The fire station location model uses mathematical and operational research methods to optimize the location of fire stations to ensure that the fire brigade can reach the accident site in the shortest time and carry out effective rescue in the event of a fire or other emergency. Such models usually take into account multiple factors, such as geographical location, service area, response time, resource allocation, cost, etc., to achieve the maximum efficiency of fire services.

1. 消防站选址模型的主要目标（The main objectives of the fire station site selection model）

最小化响应时间：确保消防站能够在规定的时间内到达所有受灾区域。响应时间直接影响火灾扑灭效率和伤亡人数。

Minimize response time: Ensure that fire stations can reach all disaster areas within the specified time. Response time directly affects the efficiency of fire extinguishing and the number of casualties.

最大化覆盖面积：合理分配消防站的位置，使其能够覆盖尽可能多的区域，减少服务盲区。

Maximize coverage area: Rationally allocate the locations of fire stations so that they can cover as much area as possible and reduce service blind spots.

资源优化配置：通过合理选址，优化消防资源的分配，如消防车、人员等，提升资源使用效率。

Optimal resource allocation: By selecting a reasonable site, we can optimize the allocation of fire-fighting resources, such as fire trucks and personnel, and improve the efficiency of resource utilization.

成本控制：选择合适的位置以减少建设和运营成本，确保消防站的经济性和可持续性。

Cost control: Select a suitable location to reduce construction and operation costs, ensuring the economy and sustainability of the fire station.
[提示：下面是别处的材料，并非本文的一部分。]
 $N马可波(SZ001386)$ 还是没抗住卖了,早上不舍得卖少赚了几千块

2. 模型类型与方法（Model types and methods）

消防站选址问题属于经典的设施选址问题的一种，通常应用以下几种模型方法来求解：

（1）整数规划模型（integer programming model）

这种方法使用整数规划来选择消防站的最佳位置，确保每个火灾发生的地点都能够在规定的时间内得到覆盖。
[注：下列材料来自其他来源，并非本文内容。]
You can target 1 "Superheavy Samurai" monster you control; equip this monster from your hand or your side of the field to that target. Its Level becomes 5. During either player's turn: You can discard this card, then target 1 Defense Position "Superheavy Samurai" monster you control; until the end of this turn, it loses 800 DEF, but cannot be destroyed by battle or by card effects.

This approach uses integer programming to select the optimal locations for fire stations, ensuring that every fire location can be covered within the specified time.

目标函数通常是最小化总响应时间或者最大化覆盖的区域，同时约束条件包括：每个区域必须有一个消防站负责，消防站之间的距离、资源配置等。

The objective function is usually to minimize the total response time or maximize the coverage area. The constraints include: each area must have a fire station in charge, the distance between fire stations, resource allocation, etc.

（2）p-中点问题（p-midpoint problem）

p-中点问题是一个常用于设施选址的优化方法，目标是通过选择p个消防站位置，最小化所有服务点到消防站的平均距离。这个方法假设所有服务点的需求量相同，适用于较简单的选址问题。

The p-midpoint problem is an optimization method commonly used for facility location selection. The goal is to minimize the average distance from all service points to the fire station by selecting p fire station locations. This method assumes that the demand for all service points is the same and is suitable for simpler location selection problems.

（3）p-中心问题（p-Center Problem）

该模型的目标是选择p个消防站，确保任何一个地区的响应时间不超过一定的最大时间。与p-中点问题不同，p-中心问题强调的是最远距离的最小化，从而保证最远的区域能够在规定的时间内得到救援。

The goal of this model is to select p fire stations to ensure that the response time of any area does not exceed a certain maximum time. Unlike the p-midpoint problem, the p-center problem emphasizes the minimization of the farthest distance, thereby ensuring that the farthest area can be rescued within the specified time.

（4）多目标优化模型（Multi-objective optimization model）

在实际应用中，消防站选址问题往往涉及多个目标，例如最小化响应时间、最大化覆盖区域、降低建设和运营成本等。多目标优化模型可以同时处理这些相互冲突的目标，以达到最优的折中解。

In practical applications, the fire station site selection problem often involves multiple objectives, such as minimizing response time, maximizing coverage area, reducing construction and operation costs, etc. Multi-objective optimization models can handle these conflicting objectives simultaneously to achieve the optimal compromise solution.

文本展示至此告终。